About the Role
The AI Engineering Team at TRM Labs is dedicated to enabling next-generation AI applications, with a particular focus on Large Language Models (LLMs) and agentic systems. Our primary goal is to develop robust pipelines, high-performance infrastructure, and operational tooling that facilitate the deployment of AI systems with speed, safety, and scale. We manage petabyte-scale pipelines, serve models with millisecond-level latency, and provide essential observability and governance for production-ready AI. Additionally, we are actively involved in evaluating and integrating cutting-edge tools in the LLM and agent space, including open-source stacks, vector databases, evaluation frameworks, and orchestration tools, to accelerate TRM’s innovation.
The Impact You Will Have
- Architect and implement a robust agentic framework that supports tool use, context retrieval, memory, and planning.
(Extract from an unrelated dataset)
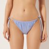 Slide triangle bikini top with removable padding and no underwire for a natural effect. The style features a particularly soft three-dimensional diagonal-motif fabric. The shoulder straps have eyelets on the ends so they can be hooked onto the back band or tied behind the neck. Back string tie closure embellished with silver tips.

- Build intelligent, modular agents that automate investigative tasks and augment analyst decision-making.
- Extend and scale our LLM infrastructure (e.g., OpenAI, Anthropic, local models), including prompt engineering, RAG, and evaluation loops.
- Design safe, observable, and auditable agent behaviors, ensuring reliability in high-sensitivity environments.
- Evaluate performance across metrics like reasoning, latency, success rate, and hallucination, and iterate based on user feedback and system telemetry.
- Contribute to a culture of high ownership, rapid experimentation, and ethical AI deployment.
What We’re Looking For
- Strong engineering background with deep experience in backend or systems work (Python preferred).
- Hands-on experience building with LLMs, agents, and tooling frameworks (LangChain, semantic caches, vector DBs, etc.).
- Comfort working with agentic pipelines and optimizing information flow into AI systems.
- Thoughtful approach to system design, with an eye for safety, scalability, and explainability.
- High product empathy – you care about how agents impact real users (analysts) and optimize accordingly.
- Bias toward experimentation and iteration – you’re excited to try, learn, and ship fast.
- Previous experience with knowledge graphs, task orchestration, or AI safety a plus.